Getting to know the tree sequence object

Let’s first simulate the ancestry of 5 samples. The call to msprime.sim_ancestry will return a so-called tree sequence, which we will call ts.

ts = msprime.sim_ancestry(samples=5, ploidy=1, random_seed=123456)

By default, msprime assumes a ploidy of 2, which is why we have to manually pass the ploidy parameter to emulate haploid simulations. In addition, by setting the random_seed, we make sure simulation output can be reproduced.
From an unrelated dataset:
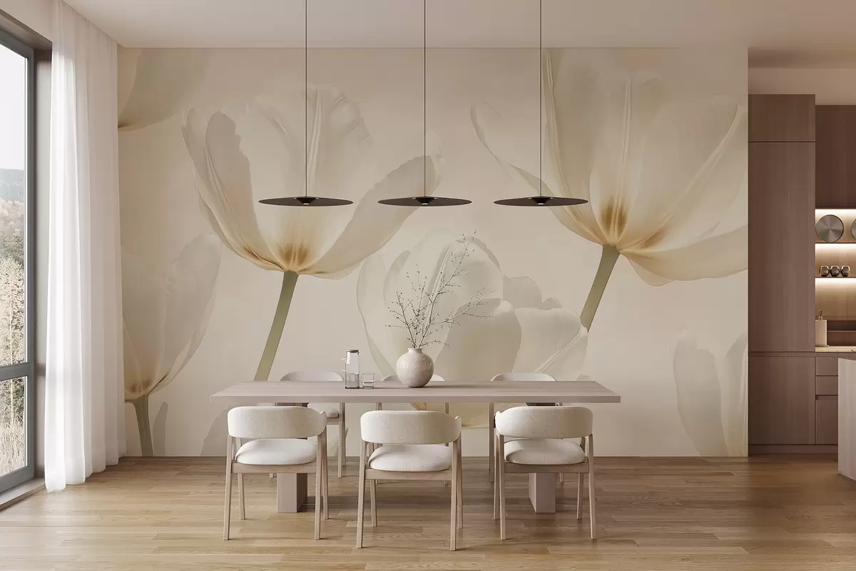 Fototapetes Skaistas tulpes, ziedu, bēšas krāsas, reālisms Nr. w03877
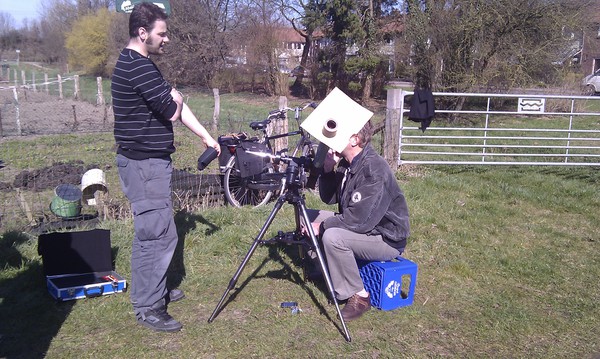 Om de opgevoerde PST zonnekijker eens goed uit te testen heb ik vandaag een mini-solarparty gehouden in de nabij gelegen volkstuintjes. Het was een zonovergoten dag met een perfect temperatuurtje. Waarneemkameraden Steven en Matthijs waren ook van de partij met hun telescopen en veel toevallige (en minder toevallige) voorbijgangers hebben door onze kijkers gekeken. Het was erg gezellig en er was genoeg te zien aan de rand van de zon. De meest prominente protuberansengroep heb ik getekend met rood pastelpotlood op zwart papier. De groep was de hele dag goed te zien, maar veranderde steeds merkbaar van vorm. De tekening toont de groep zoals hij er rond 13.45 uit zag. De fijne details waren prachtig te zien door mijn kijker. Ik ben vergeten in de tekening aan te geven wat het noorden is, maar de groep was door het oculair (9mm, 78x) rechtsonder aan de zonsrand zichtbaar. Dit smaakt naar meer!

Let’s print the output object:

ts

Tree Sequence
Trees	1
Sequence Length	1
Time Units	generations
Sample Nodes	5
Total Size	2.0 KiB
Metadata	No Metadata

Table	Rows	Size	Has Metadata
Edges	8	264 Bytes
Individuals	5	164 Bytes
Migrations	0	8 Bytes
Mutations	0	16 Bytes
Nodes	9	260 Bytes
Populations	1	224 Bytes	✅
Provenances	1	1008 Bytes
Sites	0	16 Bytes

Provenance Timestamp	Software Name	Version	Command	Full record
18 September, 2025 at 10:18:25 PM	msprime	1.3.4	sim_ancestry	Details dict schema_version: 1.0.0 software: dict name: msprime version: 1.3.4 parameters: dict command: sim_ancestry samples: 5 demography: None sequence_length: None discrete_genome: None recombination_rate: None gene_conversion_rate: None gene_conversion_tract_length: None population_size: None ploidy: 1 model: None initial_state: None start_time: None end_time: None record_migrations: None record_full_arg: None additional_nodes: None coalescing_segments_only: None num_labels: None random_seed: 123456 replicate_index: 0 environment: dict os: dict system: Linux node: runnervmf4ws1 release: 6.11.0-1018-azure version: #18~24.04.1-Ubuntu SMP Sat Jun 28 04:46:03 UTC 2025 machine: x86_64 python: dict implementation: CPython version: 3.11.9 libraries: dict kastore: dict version: 2.1.1 tskit: dict version: 0.6.4 gsl: dict version: 2.7

The ts object is an instance of the Tree Sequence class (you can also click on the link in the representation to access the help pages). If this sounds unfamiliar, think of a class as a definition (“recipe”) of a data structure that holds data, together with attributes that access the data and functions that process the data. A class is an abstract definition, so to make use of it we need to be populate it with data (instantiation). An object is therefore an actual concrete realization (instance) of a given class, like the ts object above. Looking closer at ts will hopefully make things clearer.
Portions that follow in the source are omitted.